Volume 9, Number 3, March 2017, pages 188-192

Primary Care-Based Investigation of the Effect of Sitagliptin on Blood Pressure in Hypertensive Patients With Type 2 Diabetes

In the Action to Control Cardiovascular Risk in Diabetes (ACCORD) trial, patients with type 2 diabetes were assigned to an intensive therapy group (< 120 mm Hg) or a standard therapy group (< 140 mm Hg) according to the target blood pressure (BP), and no difference in fatal or non-fatal cardiovascular events was found between the two groups [1]. After publication of these findings, the target BP for patients with diabetes was relaxed in Europe and the USA. However, diabetes is believed to be a risk factor for stroke independent of gender in Japan [2], and more stringent BP control is recommended [3, 4].
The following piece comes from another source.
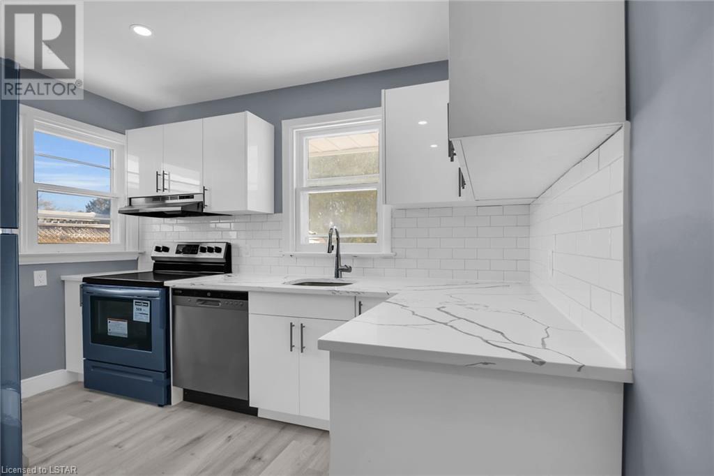 Investors, this is an incredible opportunity you won't want to miss. Presenting a stunningly renovated brick bungalow with an in-law suite in the highly sought-after East London neighborhood that is currently generating a monthly income of $3850.00 inclusive. The main floor features three bright and spacious bedrooms, a modern, upgraded kitchen with sleek appliances, a stylish four-piece bathroom, and a comfortable living and dining area. Downstairs, you'll find a generously sized family room, a brand-new kitchen with state-of-the-art appliances, a roomy den, a convenient three-piece bathroom, and two cozy bedrooms. The added bonus of laundry facilities on both floors makes this property an investor's dream. Step into the fully enclosed and charming backyard, providing the perfect backdrop for gatherings and entertainment. Beyond the property's superb interior, you'll discover its prime location, just a short distance from Fanshawe College, Argyle Mall, Highway 401, a variety of restaurants, parks, schools, entertainment options, and shopping. With its distinctive character and excellent visibility in a rapidly growing community, this property is poised to be a rewarding addition to your investment portfolio. Act quickly; this opportunity won't be available for long! (id:22211)

Sitagliptin is a dipeptidyl peptidase-4 inhibitor that has been reported to show pleiotropic actions, including a lipid-lowering effect [5], urinary albumin-lowering effect [6-8], and BP-lowering effect [5, 9, 10]. Ogawa et al [9] reported that alternate-day administration of sitagliptin reduced the systolic blood pressure (SBP) independently of its hypoglycemic effect and the decrease in body mass index (BMI). Mistry et al [10] administered sitagliptin to non-diabetic patients with mild to moderate hypertension and performed 24-h ambulatory BP monitoring, which revealed BP reduction although by only 2 - 3 mm Hg.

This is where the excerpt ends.